Здесь мы и поцеловались в первый раз.

Сразу признаюсь, что мои дальнейшие  поползновения
остались безрезультатными.

Она сказала: - всё будет завтра, я так решила. Ведь завтра ты
уезжаешь и больше мы никогда не увидимся.

Вот завтра все и будет в первый и последний раз.

Уговаривать  я не стал раз они так задумали с ее Наставником.

А если серьезно, то понял, что решиться на такое Алене,
натуре сложной, было не так просто.

Поэтому завтра так завтра... хотя, откровенно говоря, лучше
сегодня, а еще лучше - прямо сейчас.

Она решила, что это произойдет у меня в номере, утром.
Потому что в два часа дня я уже должен быть в санаторном автобусе
Алупка - Железнодорожный вокзал Симферополя.

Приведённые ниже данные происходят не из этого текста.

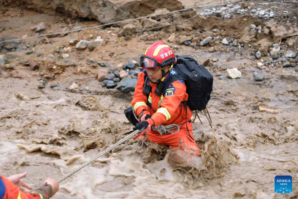 Rescuers work after mountain torrents at Xinglongshan Village in Yuzhong County of northwest China's Gansu Province, Aug. 8, 2025. (Photo by Jin Wangui/Xinhua)

За солидарность моего соседа Николая Михайловича, который
улетал на следующий после моего отъезда день,  я был абсолютно
уверен и, конечно, не ошибся.

Сразу после завтрака он, не заходя в номер, повел свою ватагу
на пляж, а проходя мимо меня сделал рукой "но пасаран".

Все случилось, как она и сказала. Только она ничего не говорила
про слезы.

А слезы были, но со счастливой улыбкой на спокойном лице.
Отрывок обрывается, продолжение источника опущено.